A double-layer mutual-capacitance touch electrode includes a plurality of driving electrodes arranged side by side in a first direction and a plurality of sensing electrodes arranged side by side in a second direction, wherein the driving electrodes and the sensing electrodes are located at different levels, The drive electrode includes a channel trunk and a plurality of channel branches extending from the trunk of the channel to both sides, and the channel branches adjacent to the trunk of the channel intersect. The double-layer mutual-capacitive touch electrode according to claim 1, wherein the first direction and the second direction are perpendicular to each other. The double-layer mutual-capacitive touch electrode according to claim 1, wherein the channel branches are comb-shaped, and comprise a plurality of branch lines extending from a main line extending from the main stem of the channel and an autonomous line. The branch lines of the intersecting channel branches cross each other. The double-layer mutual-capacitive touch electrode according to claim 3, wherein a gap region between the branch lines of the channel branches and between the branch lines and the trunk of the channel is provided in the hollow area. A filler block having the same driving electrode material and insulated from the driving electrode. The double-layer mutual-capacitive touch electrode according to claim 3, wherein the distance between the branch lines of the channel branches is 0.3 mm-0.4 mm. The double-layer mutual-capacitive touch electrode according to claim 3, wherein the distance between the branch lines of the channel branches is 0.05 mm-0.07 mm.
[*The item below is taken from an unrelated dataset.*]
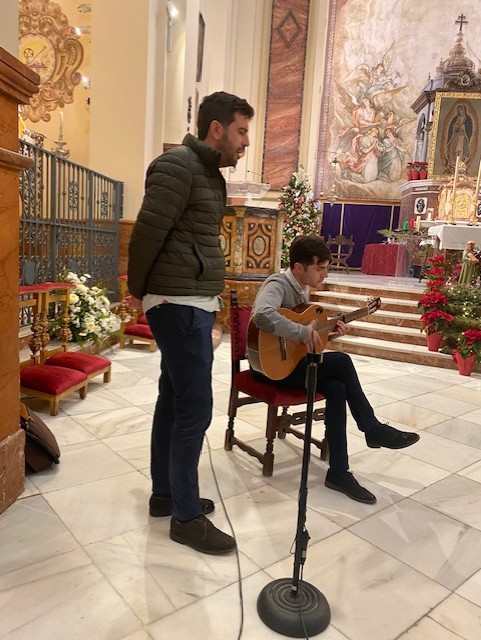 Se escenificaron diferentes pasajes de la Natividad de Jesús, se cantaron villancicos y D. Francisco, al cante, y D. Álvaro, a la guitarra, nos deleitaron con un villancico popular que sirvió de oración de todo el colegio al Niño Jesús que nacería en unos días.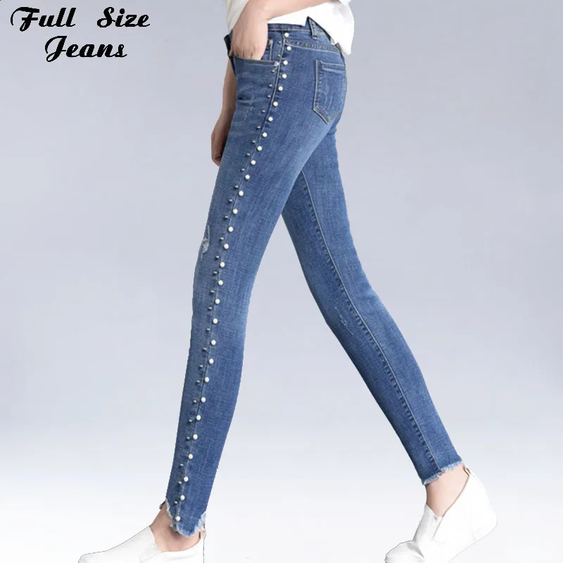 الصيف حجم كبير نحيل الجانب اللؤلؤ الديكور الأبيض غسل Capris الجينز 4xl 5xl الضوء الأزرق تمتد الدنيم السراويل النساء بناطيل كاجوال في جينز من ملابس نسائية على Deal Unohama Club Store

The double-layer mutual-capacitive touch electrode according to claim 1, wherein the channels are branched in a straight line or an arc shape. The double-layer mutual-capacitive touch electrode according to claim 1, wherein the channel branches on both sides of the trunk of the channel are arranged offset or symmetrically. A touch screen comprising at least one substrate and a touch electrode disposed on the substrate, wherein the touch electrode is double-layered according to any one of claims 1 to 8. Capacitive touch electrode. An input device comprising the touch screen of claim 9 and a passive pen for inputting an operation command.